The Angolan poet, historian, and essayist Ana Paula Ribeiro Tavares is the winner of the 2025 Camões Prize, the most prestigious literary distinction in the Portuguese-speaking world.
Born in Lubango, Huíla, Angola, in 1952, Ana Paula Tavares is regarded as one of the most influential voices in Lusophone African literature.
Recognized for “her fruitful and coherent trajectory of aesthetic creation and, in particular, her restoration of the dignity of poetry,” the jury emphasized that “with the diction of her lyricism without evasive concessions and with the free commitments of chronicle and narrative fiction production, Ana Paula Tavares’ work also gains a relevant anthropological dimension from a historical perspective.”

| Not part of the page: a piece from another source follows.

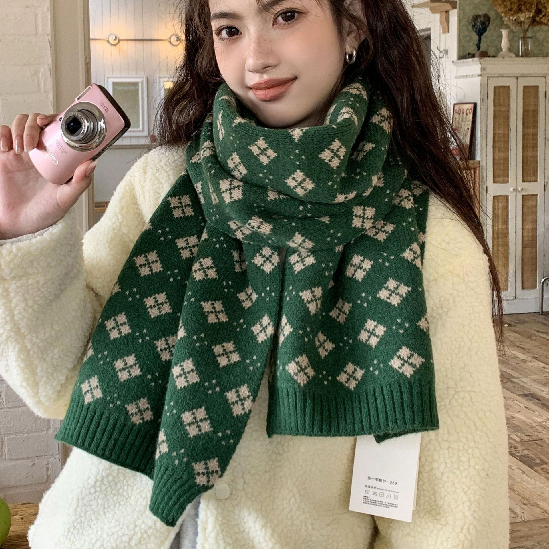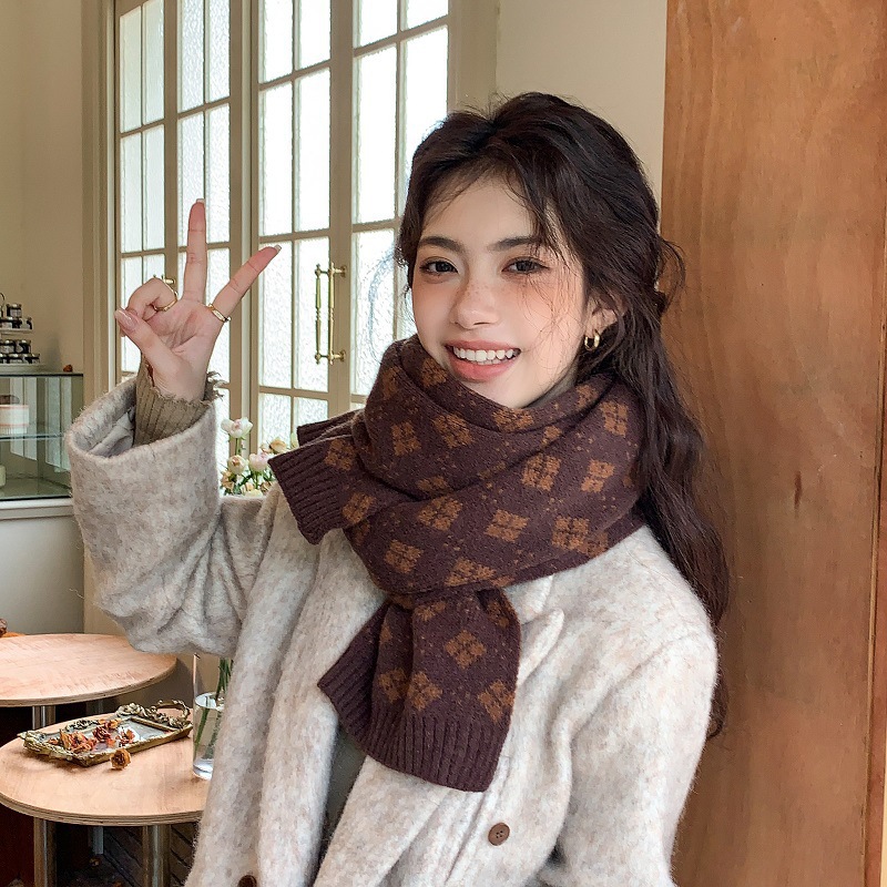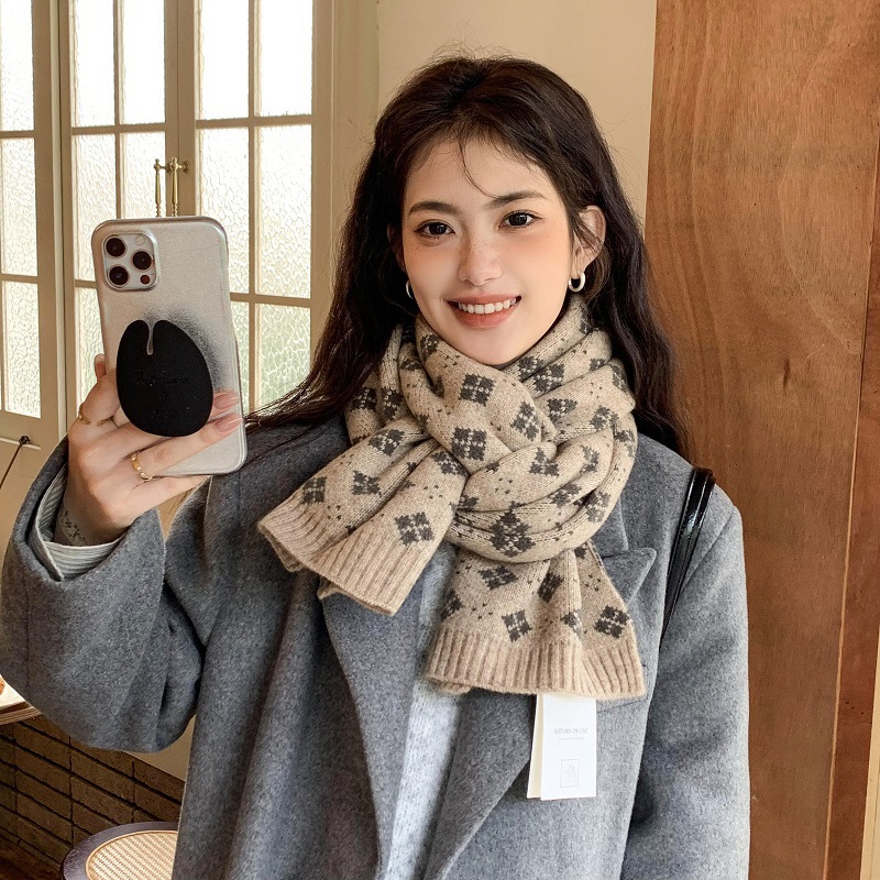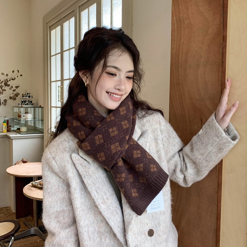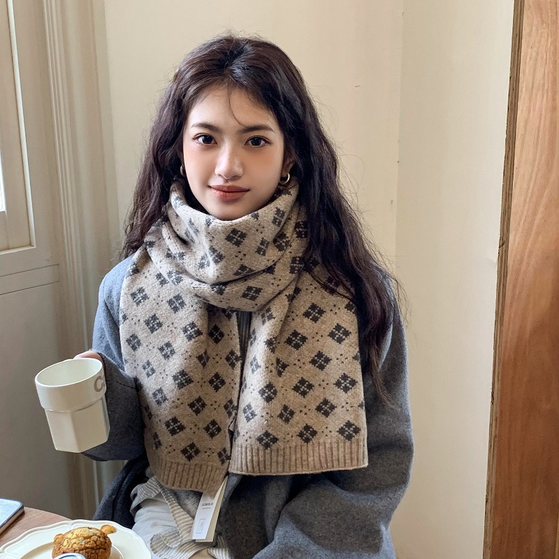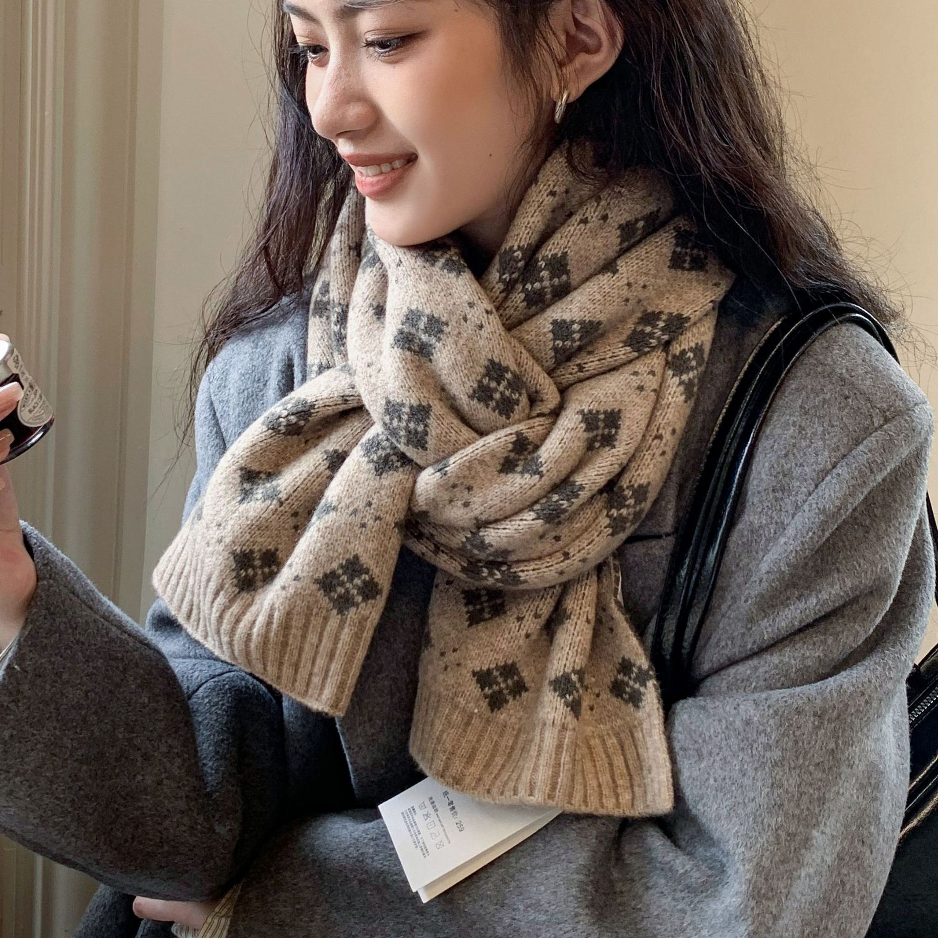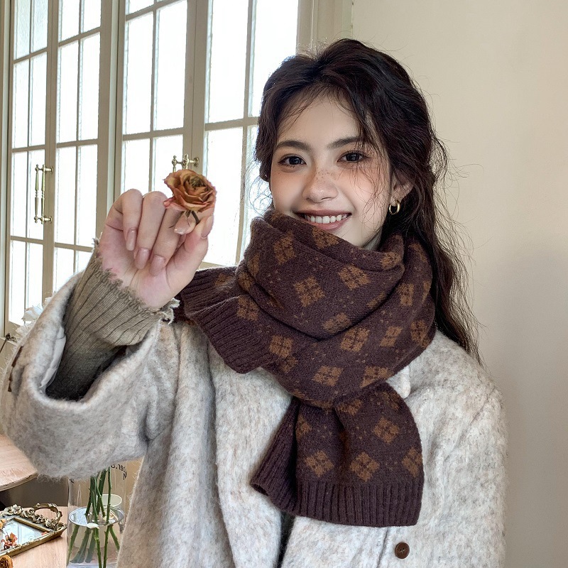 남성과 여성 커플을위한 가을과 겨울 복고풍 격자 무늬 Maillard 니트 울 스카프 크리스마스 따뜻한 스카프스토어 가기

The Camões Prize, established by the governments of Portugal and Brazil in 1989, honors authors whose entire body of work contributes to the enrichment of the Portuguese language’s literary heritage. She is the third Angolan writer to receive the Camões Prize, following Pepetela (1997) and Luandino Vieira (2006).
A historian by training, her poetry reflects a profound connection to the Angolan landscape and collective history, combining myth, oral tradition, and lyrical intimacy to explore themes of love, displacement, and resistance. Her writing continues to bridge personal and collective memory, reaffirming her commitment to cultural heritage and the feminine voice within African modernity.
Reflecting on her writing, Tavares once said, “The poetry of place was a long apprenticeship. It was not inside me. This was a language I had to learn.” Among her most celebrated works are Ritos de Passagem (1985), O Lago da Lua (1999), Ex-votos (2003), Manual para Amantes Desesperados (2007), and Como Veias Finas na Terra (2010).
Some of Tavares’s works have been translated into English, including selections in Words Without Borders and Lyrikline, translated by Richard Zenith, expanding her reach to international audiences.
With this recognition, Ana Paula Ribeiro Tavares joins a distinguished lineage of Camões laureates, reaffirming Angola’s vital contribution to the global Lusophone literary canon.